(1) Field of the Invention
The present invention relates to a substrate storage container for use in storage, transportation, preservation, processing, etc., of substrates such as, for example silicon wafers, glass, glass masks, etc.
(2) Description of the Prior Art
Recently, in order to further enhance the productivity in the semiconductor industry, large-diametric substrates such as silicon wafers, glass wafers having a diameter of 300 mm have started to be used. Because any of such substrates is liable to sag due to gravity even if it is supported either lengthwise or crosswise, it is strongly demanded that (1) they should be handled securely by being stored in a predetermined substrate storage container so as not to be broken and (2) they should be isolated from particles and organic substances or prevented from being contaminated by metal ions etc., during transportation or during preservation.
A substrate storage container of this type is composed of, though not illustrated, a container body for holding a plurality of substrates in alignment, a door element for opening and closing the front opening of the container body and a sealing gasket interposed between the container body and the door element for creating a seal (see Patent literature 1: Japanese Patent Application Laid-open 2000-306988 (see FIGS. 1 to 10)).
The container body is a molding of a front open box type, formed of a transparent resin or the like, and is used for in-line transportation and preservation. Flanges for transportation are provided as appropriate on the top, bottom and/or side walls of this container body, so that the substrate storage container can be lifted up or transported along the processing line at high speeds overhead with these flanges engaged by robots and transporters. A window for monitoring substrates is partly formed on the rear side etc., of the container body while a plurality of supporting ribs for supporting substrates at their peripheral edge are arrayed vertically (see Patent literature 2: Japanese Patent Application Laid-open Hei 10-70185 (see FIGS. 12, 14 and 17)).
The door element is formed in correspondence with the front of the container body, has a front retainer attached to the inner surface (rear side) facing the container body for holding individual substrates at their front periphery, and is fitted to, and removed from, the container body by a robot. The front retainer is formed of a material being more flexible than that of the supporting ribs, and the contact part with substrates is formed with a multiple number of holding grooves arrayed vertically at regular intervals.
Each holding groove has an approximately U-shaped or approximately V-shaped section, and is formed so that the mid height of the groove is set at a position higher than the position at which the supporting ribs holds the substrate. That is, this configuration provides the function of marginally raising the substrates from the supporting ribs when the door element is closed, whereby contact friction between the substrates and supporting ribs can be reduced and the substrates can be prevented from being contaminated with abraded particles.

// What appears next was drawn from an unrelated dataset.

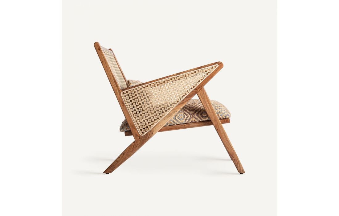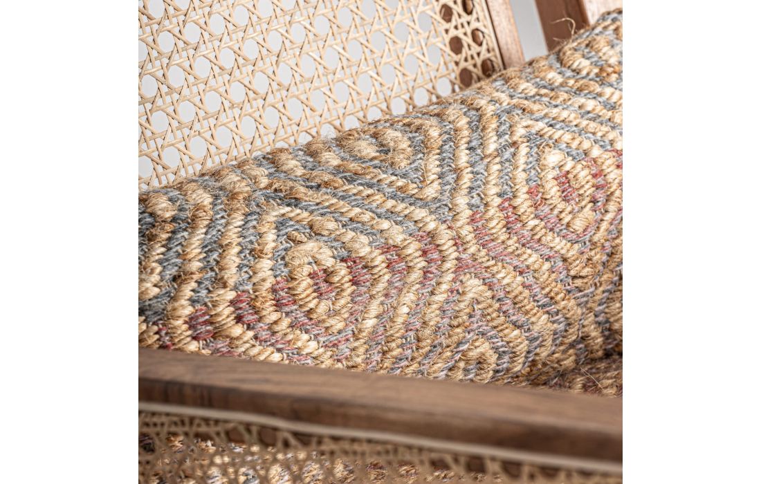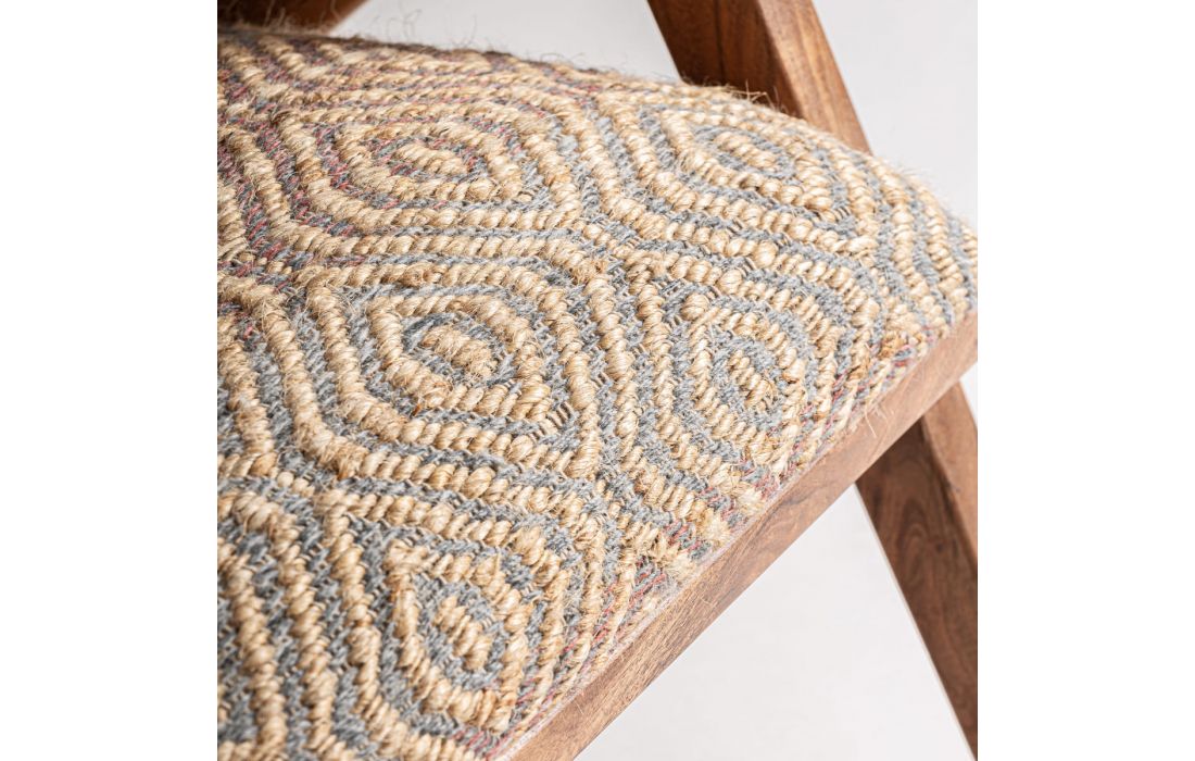 Wooden armchair with fabric and jute upholstery.

In the substrate storage container of this configuration, when the door element is removed from the container body, substrates are inserted along the supporting ribs into the container body or conversely substrates are taken out from the supporting ribs of the container body.

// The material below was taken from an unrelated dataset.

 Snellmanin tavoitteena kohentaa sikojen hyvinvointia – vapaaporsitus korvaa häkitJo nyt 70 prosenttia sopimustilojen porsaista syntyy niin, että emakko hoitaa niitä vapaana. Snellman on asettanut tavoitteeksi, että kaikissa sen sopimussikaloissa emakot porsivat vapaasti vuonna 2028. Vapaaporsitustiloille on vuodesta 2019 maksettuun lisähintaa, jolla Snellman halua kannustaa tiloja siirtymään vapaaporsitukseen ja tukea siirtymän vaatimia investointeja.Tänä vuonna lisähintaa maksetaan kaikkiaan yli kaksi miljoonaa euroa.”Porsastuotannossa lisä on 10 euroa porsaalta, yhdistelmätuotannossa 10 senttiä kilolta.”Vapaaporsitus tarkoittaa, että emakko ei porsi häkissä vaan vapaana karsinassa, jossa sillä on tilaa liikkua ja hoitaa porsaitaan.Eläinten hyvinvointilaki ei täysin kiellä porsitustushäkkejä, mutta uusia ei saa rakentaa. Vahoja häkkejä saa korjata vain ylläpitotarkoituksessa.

The conventional substrate storage container is configured as described heretofore, and they are transported at high speeds overhead by robot. However, the overhead transport system is difficult to control and high in cost and has a shortcoming that only a small amount of load can be transported at a time. Further, since the installation of overhead transport needs extra space in the height dimension, it is difficult to install it in a factory with a low ceiling.
In view of these circumstances, in recent years, techniques for transporting the substrate storage containers using inexpensive conveyors have been proposed and have started to be put into practical use. The conveyor transport, however, entails a drawback that the substrates and the supporting ribs are rubbed against each other due to vibrations during conveyance, causing substrate contamination, which is a new, considerable problem. Particularly, in conveyor transport, there is more than a small possibility that at the joint between one conveyor and another, the bottom of the substrate storage container might collide with the rail portion of the conveyors and run on the track, whereby the substrates and the supporting ribs are rubbed against each other due to vibrations, contaminating the substrates. Further, if a strong impact acts on the storage container during transport, the substrates will be brought into rigorous contact with the interior, backside of the container body, resulting in damage or breakage.

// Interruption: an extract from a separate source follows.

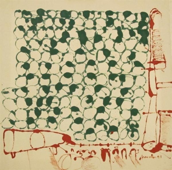 Curator: Let’s look closely at Hiroyuki Tajima’s “Benibe B” from 1961, a graphic print that really emphasizes material and process. Editor: This piece is fascinating! The red is so dominant and earthy. What particularly catches my eye are the almost mechanical impressions against the flat background. What can you tell me about this piece? Curator: Note how Tajima engages with the materiality of printmaking. This isn't a clean, polished surface; we see the texture, the wear of the printing plate. It blurs boundaries between high art and functional design. We can explore the labour inherent to this technique and reflect on art production within a social context. Consider too, the repeated geometric shapes; could this indicate the rise of industrialism impacting artistic creation, and maybe a critique of mass production, even in something considered "art"? What kind of material engagement does it suggest to you? Editor: That’s a really interesting point. I hadn’t thought about it in terms of the labour involved. The textures give a very physical impression. I like your perspective about production. How does this then speak to the viewer’s experience? Curator: The roughness and tactile quality invite a slower, more deliberate engagement. Instead of pristine perfection, we're presented with evidence of the artist's hand and the materials' inherent properties. The small variations, maybe inconsistencies in the ink transfer, become significant. Perhaps it elevates a sense of unique artistic engagement instead of a focus on perfection, even with geometrical repetitions. Do you feel invited into that space as a viewer, aware of both the work and your relationship to the materials represented? Editor: That's given me so much to think about, reframing my appreciation of this and thinking about the art-making process as something deliberately imperfect. I never expected such depth from this perspective. Thank you! Curator: My pleasure. By focusing on the materials and production, we unveil how “Benibe B” reflects broader social and economic forces. Material inquiry can definitely reshape our appreciation of art!

To solve the above problems, a method has been proposed, in which small projections that come into point or line contact with the undersurface of the substrate are formed on the top surface of the supporting ribs so as to reduce the contact area. However, when the projection comes into point contact with the substrate, the load of the substrate concentrates on the single point, so that there is a fear of the substrate being easily damaged. Further, since these projections are minute in size, there is the problem that imperfect filling and hence shrink marks and deformation are apt to occur during molding, producing variation in the height at which the substrates are supported. Moreover, since it is difficult to finely adjust the height of the projections, there are problems that the substrates cannot be supported horizontally and that failures to unload the substrate are liable to occur due to variation in the pitch distance.
The present invention has been devised in view of the above, it is therefore an object of the present invention to provide a substrate storage container wherein it is possible to prevent the substrates from being contaminated as a result of abrasion between substrates and supporting ribs due to vibrations etc., occurring during conveyor transport and it is possible to prevent the substrates from being damaged or broken by strong contact of the substrates against the container body even when a large impact is applied during conveyor transport, for example.